Furthermore, frontal cortex peak responses during an EM task were found to lag behind STG responses, by approximately 1.5 seconds, when normally-hearing listeners were assessed with fNIRS while listening to vocoded speech in noise (Wijayasiri et al., 2017). To analyze the temporal buildup of the task-evoked responses, we subtracted the responses attributed by the LMEM to the STG from those attributed to the cIFS.

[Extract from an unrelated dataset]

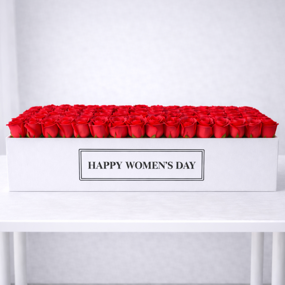بوكس أنيق يحتوي على 100 زهرة من الجوري الفاخرة باللون الأحمر.
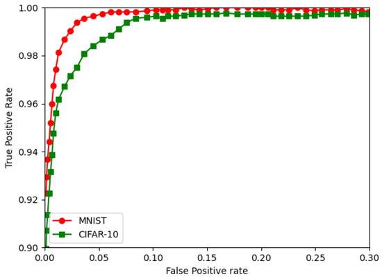 The RoC curves for the MNIST and CIFAR are shown in Figure 12, Figure 13 and Figure 14. They show the FPGA for the CNN, followed by the BNN and QNN, respectively.

In both experiments, masker-evoked differences in overall recruitment of STG vs cIFS varied over time. In experiment 1, STG was slightly more strongly recruited during the first 2 seconds of the task interval, before the recruitment between STG and cIFS became more balanced, in both the left and right hemispheres (Supplement 3 Figure 1A). Similarly, in experiment 2, within each hemisphere, STG was relatively more engaged than cIFS during the first 2-5 seconds of the task, followed by stronger HbO and HbR recruitment in the cIFS region (Supplement 3 Figure 1B). Thus, the current temporal buildup results are consistent with prior findings that STG activates before frontal regions, for both EM and IM (Wijayasiri et al., 2017).